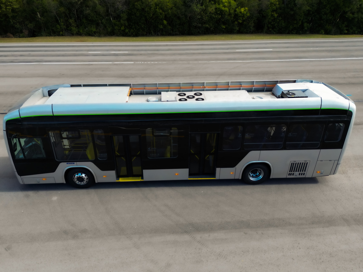O Attivi tem uma concepção diferente da habitual encontrada em ônibus elétrico. O modelo traz o motor central no meio das longarinas em vez de instalado no eixo. “É uma solução pensada para garantir mais durabilidade, especialmente em mercados como o do Brasil, nos quais dominam vias precárias e sujeitas a alagamentos”, lembra Gazzi.
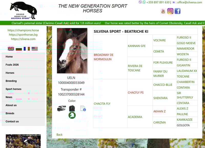 The sire is the champion of France in the high class under the saddle of Edward Levy: https://www.youtube.com/watch?v=a7cWkM6GaoA Beatriche KI's dam has brothers and sisters on the paternal line, who are sold at auctions in Europe for fabulous prices exceeding 200-250K euros: https://www.facebook.com/BulgarianSportHorses/posts/pfbid0gkmyNJ9FYk5rfEfNXK36hcP8cbJFWLjFVCKJerstiyjV4xAX7sSkf9G7hMtfj5zgl
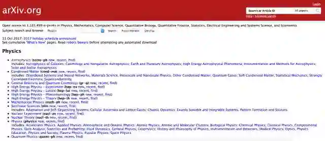ArXiv是一个几乎每位科研工作者都熟悉的开放式的网站。科学家通过在arXiv发表论文的预印本,能迅速被别人访问阅读。自1991年起,arXiv 已经聚集了物理、数学、计算机科学、统计学、定量生物学和金融学等领域的一百多万篇论文。每个工作日几乎都会增加数百篇新的研究论文,包括从希格斯玻色子到量子隐形传态,再到恒星的形成等各个学科。
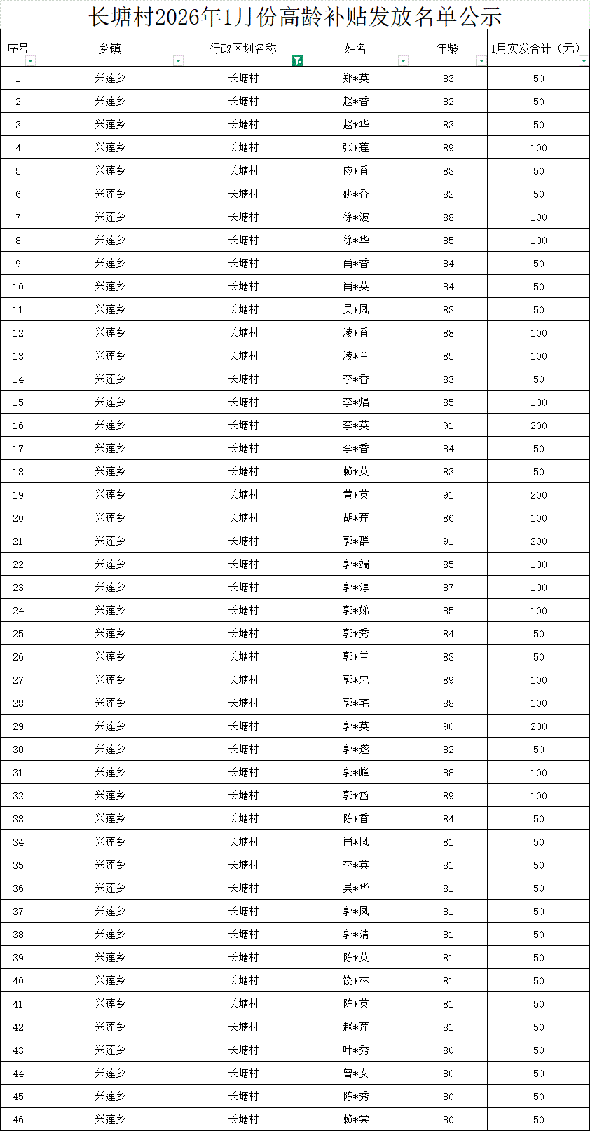 【養老服務】長塘村2026年1月份高齡補貼發放名單
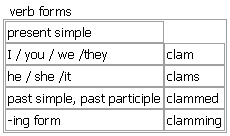 clam [clam clams clammed clamming] BrE [klæm] NAmE [klæm] noun  a ↑shellfish that can be eaten. It has a shell in two parts that can open and close •clam chowder/soup •The moment I mentioned the children he closed up like a clam (= became silent and refused to discuss the topic). Word Origin: early 16th cent.: apparently from earlier clam ‘a clamp’, from Old English clam, clamm ‘a bond or bondage’, of Germanic origin; related to Dutch klemme, German Klemme, also to ↑clamp. Derived: ↑clam up verb (-mm-) Verb forms: Word Origin: early 16th cent.: apparently from earlier clam ‘a clamp’, from Old English clam, clamm ‘a bond or bondage’, of Germanic origin; related to Dutch klemme, German Klemme, also to ↑clamp.
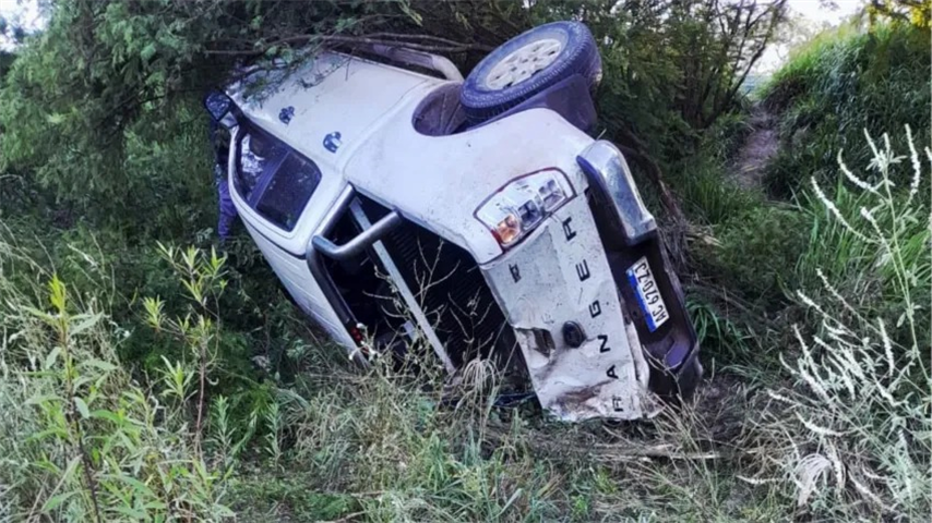 Tras el volantazo, el chofer perdió el control del vehículo, despistó y terminó volcando al atravesar la banquina.

-----

__GOAL OF THE EXERCISE__.
Only the pictures are to be dropped; all other material above must be repeated exactly.

__WORKED SOLUTION__.
O Attivi tem uma concepção diferente da habitual encontrada em ônibus elétrico. O modelo traz o motor central no meio das longarinas em vez de instalado no eixo. “É uma solução pensada para garantir mais durabilidade, especialmente em mercados como o do Brasil, nos quais dominam vias precárias e sujeitas a alagamentos”, lembra Gazzi.
 The sire is the champion of France in the high class under the saddle of Edward Levy: https://www.youtube.com/watch?v=a7cWkM6GaoA Beatriche KI's dam has brothers and sisters on the paternal line, who are sold at auctions in Europe for fabulous prices exceeding 200-250K euros: https://www.facebook.com/BulgarianSportHorses/posts/pfbid0gkmyNJ9FYk5rfEfNXK36hcP8cbJFWLjFVCKJerstiyjV4xAX7sSkf9G7hMtfj5zgl
ArXiv是一个几乎每位科研工作者都熟悉的开放式的网站。科学家通过在arXiv发表论文的预印本,能迅速被别人访问阅读。自1991年起,arXiv 已经聚集了物理、数学、计算机科学、统计学、定量生物学和金融学等领域的一百多万篇论文。每个工作日几乎都会增加数百篇新的研究论文,包括从希格斯玻色子到量子隐形传态,再到恒星的形成等各个学科。
 【養老服務】長塘村2026年1月份高齡補貼發放名單
 clam [clam clams clammed clamming] BrE [klæm] NAmE [klæm] noun  a ↑shellfish that can be eaten. It has a shell in two parts that can open and close •clam chowder/soup •The moment I mentioned the children he closed up like a clam (= became silent and refused to discuss the topic). Word Origin: early 16th cent.: apparently from earlier clam ‘a clamp’, from Old English clam, clamm ‘a bond or bondage’, of Germanic origin; related to Dutch klemme, German Klemme, also to ↑clamp. Derived: ↑clam up verb (-mm-) Verb forms: Word Origin: early 16th cent.: apparently from earlier clam ‘a clamp’, from Old English clam, clamm ‘a bond or bondage’, of Germanic origin; related to Dutch klemme, German Klemme, also to ↑clamp.
 Tras el volantazo, el chofer perdió el control del vehículo, despistó y terminó volcando al atravesar la banquina.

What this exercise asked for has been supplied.